Using OPENXML


OPENXML can be utilized whenever a rowset provider is necessary, such as a table or view.This includes SELECT, SELECT INTO, and OPENROWSET.

A preliminary operation must be accomplished, however, before OPENXML can be used to write queries. sp_xml_preparedocument is a SQL Server internal stored procedure that takes an XML document and parses it into a memory representation of the XML document tree. I say that this is an internal stored procedure because you can't view it in the normal manner of viewing a stored procedure. If you try to view the procedure using SP_HELPTEXT, you'll see what is displayed in Figure 8.1.

Figure 8.1. Attempting to view sp_xml_preparedocument .

graphics/08fig01.gif

sp_xml_preparedocument returns a file identifier ( handle ) after parsing it in memory. OPENXML takes this handle and, through a process known as shredding , provides a rowset representation of the data based on what is passed to it.

After processing is complete, another internal stored procedure must be called to flush the parsed document from memory. This procedure is sp_xml_removedocument . The entire process is diagrammed in Figure 8.2.

Figure 8.2. The OPENXML process.

graphics/08fig02.gif

A parsed document is stored in internal cache. The MSXML parser uses one- eighth the total memory available for SQL Server. This means that if you have a SQL Server with 320MB of memory available, the MSXML parser will use 40MB of this memory. To avoid overutilization of RAM, run sp_xml_removedocument to free up the memory as soon as possible.

OPENXML Syntax

A sample OPENXML statement looks similar to this:

 FROM OPENXML (@idoc, '/ROOT/Employee', 1)        WITH (EmployeeID varchar(4), LastName varchar(20), FirstName varchar(10)) 

We'll be examining this new keyword with detailed examples shortly, but for now, here is the syntax specification for OPENXML:

 OPENXML ( handle, 'rowpattern', [flags] ) [WITH SchemaDeclaration] 

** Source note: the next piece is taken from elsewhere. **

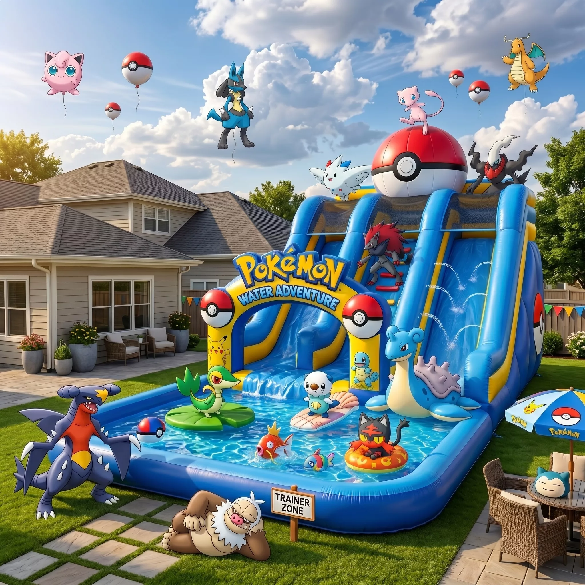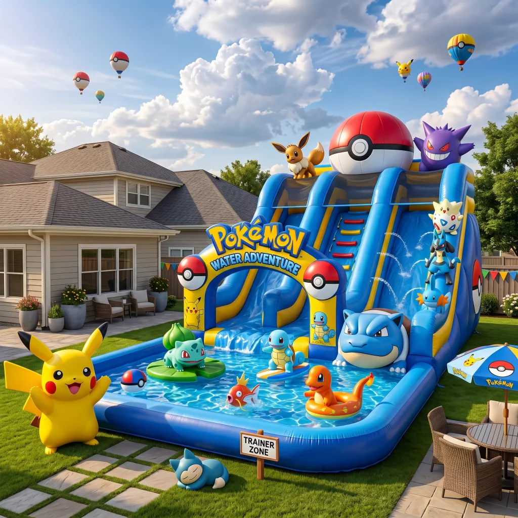 Incorporate Pokémon-themed towels, floats, and toys to complete the setup.

The various arguments of this function are described in the following sections.

handle

This is the handle returned by sp_xml_preparedocument that points to the parsed XML document in SQL Server memory. It serves the identical function as a file handle in other programming languages.

This handle is valid for the duration of the connection to SQL Server, until the connection is reset, or until sp_xml_removedocument is executed, thereby dropping the handle and deleting the document from memory.

rowpattern

This is the familiar XPath expression that we've been using for the majority of this book. For every node identified by the XPath expression there is a row generated by OPENXML in the rowset. Because XPath can identify any type of node (attribute, text, or otherwise ), if rowpattern ends in a text node, a row is generated for each text node identified by rowpattern .

SchemaDeclaration

OPENXML requires a custom schema created in the OPENXML statement to specify rowset structure. The WITH clause can be used to accomplish this, but there are a couple of ways of doing it. Here are our options:

  • Use the WITH clause and specify the entire schema.

    If you specify the schema, you specify column names , their data types, and how they map to the XML document. Here is how ColPattern influences the schema declaration:

    With ColPattern in the schema declaration, a rowset column is mapped to the node identified by the XPath expression ( rowpattern ). If you specify ColPattern on a column, it overrides the flags parameter (explained in the next section), meaning the schema dictates how the nodes correspond to columns regardless of whether flags states element-centric or attribute-centric mode.

    Here's an example:

     SELECT *  FROM OPENXML (@idoc, '/ROOT/Employee/Order/OrderDetail', 2)        WITH (OrderID int             '../@OrderID',              CustomerID nvarchar(10) '../@CustomerID',              Lastname nvarchar(10)   './../@LastName',  ... 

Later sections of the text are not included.